Старый Хигаси сурово взглянул на него сквозь очки и снова обвел взглядом всех гостей, начиная с графа Фудзисава.

– Господа, вы привыкли постоянно слышать одну лишь лесть, и потому мой грубый мужицкий голос, наверное, чрезвычайно терзает ваш слух. Однако, Фудзксава-сан, Хияма-кун, в благодарность за вашу щедрую любезность ко мне я хочу обратиться к вам с вещим и справедливым словом… Скажите, господа, куда вы толкаете нашу Японию? Двадцатипятимиллионный народ и священная особа императора – не игрушки для вас, господа!

Воцарилось молчание. Граф Осада сидел, скрестив руки на груди, граф Нандзё опустил чарку на поднос, барон Хияма всем своим видом выражал крайнее отчаяние из-за того, что случилось нечто столь неприличное; лица остальных выражали крайнее изумление, гейши, казалось, совершенно остолбенели от ужаса. Глаза всех были прикованы к решительному лицу старого Хигаси.

– Да, я двадцать лет провел в уединении в деревне, но за вашими действиями я следил внимательно. Вы свергли правительство Токугава и установили правительство Сацума – Тёсю. А чем же отличается нынешняя власть от власти конца эпохи Токугава? Да что я говорю, Токугава не знали подобного разложения. Правительство Токугава все-таки немного больше пеклось о народе!

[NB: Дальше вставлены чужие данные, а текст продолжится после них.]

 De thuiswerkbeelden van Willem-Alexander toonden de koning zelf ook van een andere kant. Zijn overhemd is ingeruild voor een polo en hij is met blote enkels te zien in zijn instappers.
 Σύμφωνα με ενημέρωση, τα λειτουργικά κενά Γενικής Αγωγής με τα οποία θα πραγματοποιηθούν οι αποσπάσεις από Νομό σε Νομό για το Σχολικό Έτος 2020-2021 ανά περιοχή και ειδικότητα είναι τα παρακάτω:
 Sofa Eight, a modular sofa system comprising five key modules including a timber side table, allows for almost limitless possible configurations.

– Однако, Хигаси-кун, нельзя же сравнивать ту Японию, которую мы знали двадцать лет назад, с нынешней. Как бы ни был предан Хигаси-кун феодальному режиму, что прошло – то прошло, а реальная действительность остается реальной действительностью. Прогресс Японии за двадцать лет, заслуги правительства Мэйдзи, руководившего этим прогрессом, не может не признать всякий, если только он не идиот, потерявший рассудок! – вставил реплику граф Кавабата.

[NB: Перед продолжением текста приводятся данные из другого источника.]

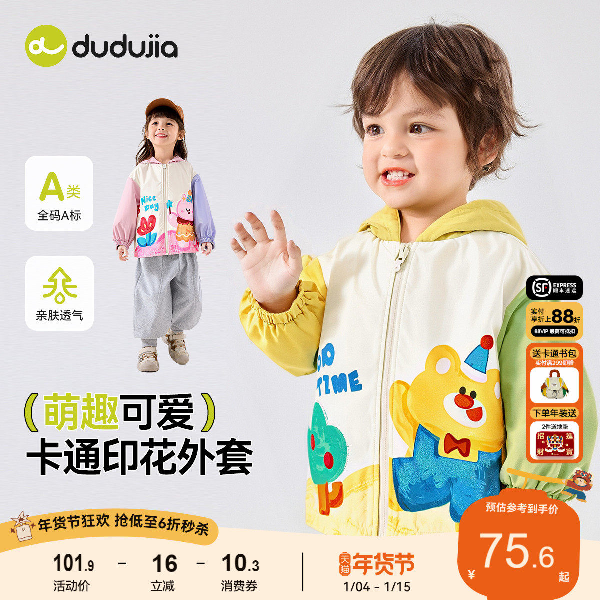 嘟嘟家宝宝外套春季卡通儿童连帽外衫春款休闲男童春装上衣女童装
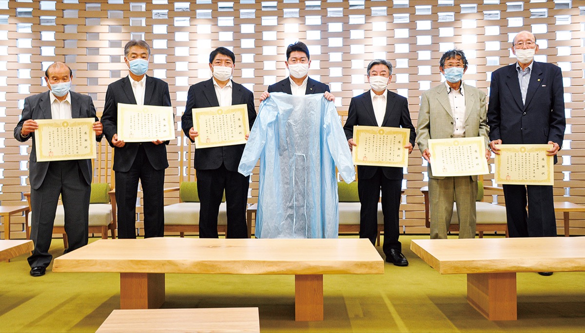 新型コロナウイルスの感染拡大防止に役立ててもらおうと、川崎市浅野町工業団地の有志企業が7月2日、医療用ガウン3700着を市に寄贈した。福田紀彦市長から返礼として感謝状が各企業に手渡された。
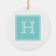 Lägg till initialer eller annan text om du vill anpassa den här enkla och moderna ornamenten på kvadrat i turkos och vitt. Detta trendig och denna chic skulle göra en enkel dekoration.
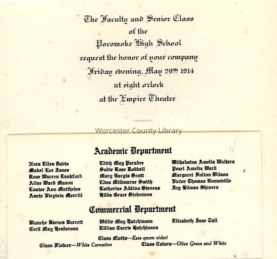 Pocomoke High School, Nora Davis Schmitz, Mabel Lee Jones, Rose Warren Lankford Shivers, Aline Ward Mason, Louise Ann Matthews Gordy, Annie Virginia Merrill, Edith May Paradee Moore, Sadye Rodbell Cohen, Mary Hargis Scott Matthews, Edna Milbourne Smith, Katherine Adkins Stevens Etchison, Hilda Grace Stevenson, Wilhelmina Amelia Waters, Pearl Amelia Ward, Margaret Fulton Wilson, Victor Thomas Bonneville, Jay Hilman Shivers, Blanche Barnes Barrett, Cecil May Henderson Howard, Willie May Hutchinson, Lillian Carrie Hutchinson, Elizabeth Jane Tull

– Прогресс? В чем же он, этот прогресс, о котором вы говорите? В том, что вместо прежних усадьб и замков построен Ююкан, где благородные дамы скачут, как гейши, а украшенные орденами министры лебезят перед иностранцами? В чем этот прогресс? В разложении, в легкомыслии, в том, чтобы без разбора глотать нравы и обычаи Запада, не успевая даже хорошенько их прожевать?

Граф Фудзисава разразился громким, язвительным смехом.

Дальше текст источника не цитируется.